Play Less And Teach More: Reaching The Next Generation With Authentic Christianity

In 2013 Larry Taunton of the Fixed Point Foundation set out to find out why so many young Christians lose their faith in college. The general answer from these students was that their youth groups should have played less and taught more

In his commentary about the study, Eric Metaxas said that the problem is that the typical church ingratiates itself to kids instead of challenging them.  Most churches are driven by a fear of boring kids to death, or by attracting families with more fun and entertainment than the church down the road.  The reality is that kids respond to conviction, not entertainment.  Conviction leads to conviction; entertainment leads to being entertained. 

Parents must decide if their goal is to entertain their kids, or disciple them.  Do you want church to be fun or meaningful?  If you want your kids to be lifelong followers of Jesus, it must be the latter.
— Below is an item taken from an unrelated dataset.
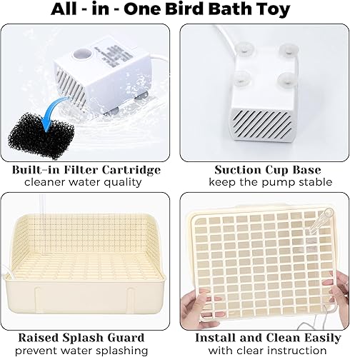 With Instructions & Clean Easily: The shower pet bird bath includes clear instructions (1-minute assembly) and is simple to clean—just wipe and rinse for thorough hygiene.(For any issues, please feel free to contact us, and we will resolve them promptly)
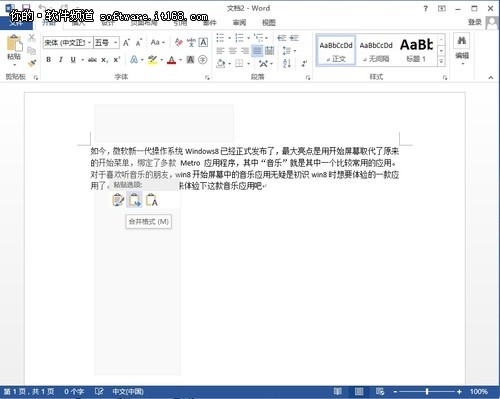 word 2013中,将鼠标停留在“保留源格式”时,在文档页面无需粘贴操作就可以直接预览保留复制内容源格式的内容。

Don't get me wrong, our aim is not to make church boring.  But when church is done right, it is anything but boring.

This is the focus of the family-integrated church.  Our goal is not to attract kids to church with fun and games, but to expose them to authentic Christianity.  We do this by incorporating students into the church-at-large.  They study the Bible with the adults.  They sing and worship with the adults.  They pray with the adults.  They sit with the adults.  They serve with the adults.  They fellowship and discuss the Bible with the adults.  We want to teach them authentic Christianity from the very beginning, not a watered-down kid's version, or a fun-and-games youth version.

When the church focuses on real discipleship, kids will discover that church is fun.  Not because of games and entertainment, but because Bible study, worship, fellowship, prayer, and service are fun.  They will find that church is the most meaningful and significant time of the week.

The best way to reach the next generation is not with entertainment, but with authentic Christianity.